#### RECORDS TO USE:
★ ★ ★ ★

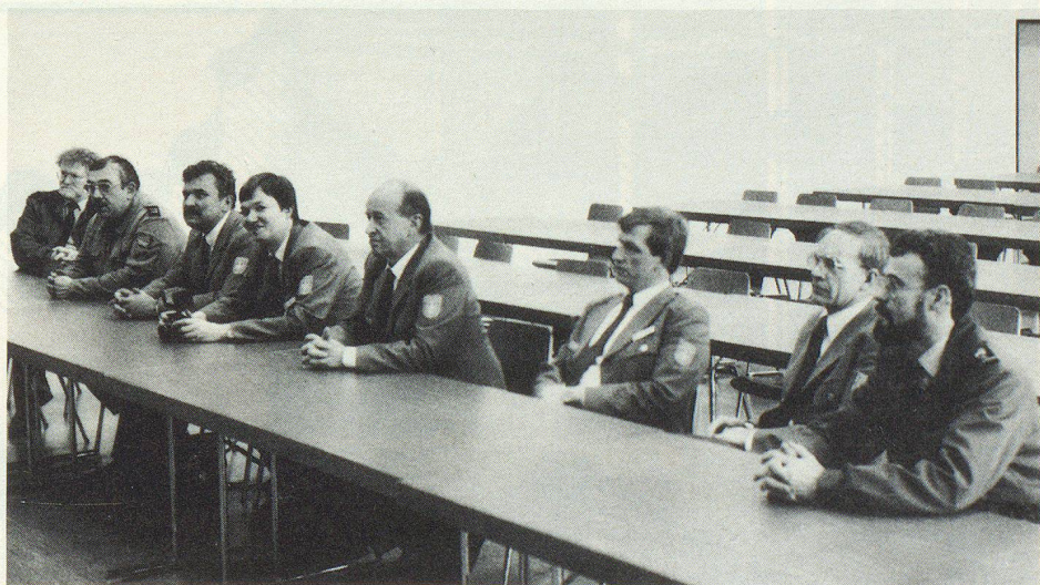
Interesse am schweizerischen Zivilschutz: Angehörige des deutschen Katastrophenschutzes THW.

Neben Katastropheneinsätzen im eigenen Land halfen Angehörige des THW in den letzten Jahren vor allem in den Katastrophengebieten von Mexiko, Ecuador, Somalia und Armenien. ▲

★ ★ ★ ★

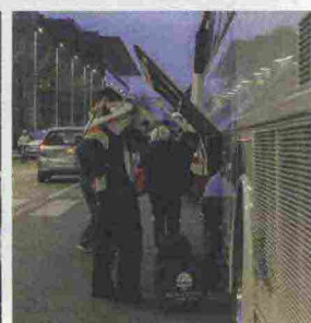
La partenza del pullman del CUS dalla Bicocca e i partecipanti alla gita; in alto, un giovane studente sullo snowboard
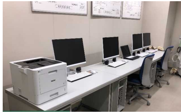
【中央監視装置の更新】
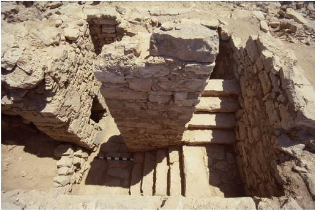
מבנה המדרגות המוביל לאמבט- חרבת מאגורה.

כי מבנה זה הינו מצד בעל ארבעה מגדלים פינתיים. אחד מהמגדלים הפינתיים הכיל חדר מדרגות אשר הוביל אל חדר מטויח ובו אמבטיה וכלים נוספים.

★ ★ ★ ★

#### EXERCISE REQUIREMENTS:
Look through the data above and return exactly the lines from the one that contains "מבנה המדרגות המוביל לאמבט- חרבת מאגורה." to the one that contains "כי מבנה זה הינו", inclusive, with nothing else.

#### RESULT OF THIS TASK:
מבנה המדרגות המוביל לאמבט- חרבת מאגורה.

כי מבנה זה הינו מצד בעל ארבעה מגדלים פינתיים. אחד מהמגדלים הפינתיים הכיל חדר מדרגות אשר הוביל אל חדר מטויח ובו אמבטיה וכלים נוספים.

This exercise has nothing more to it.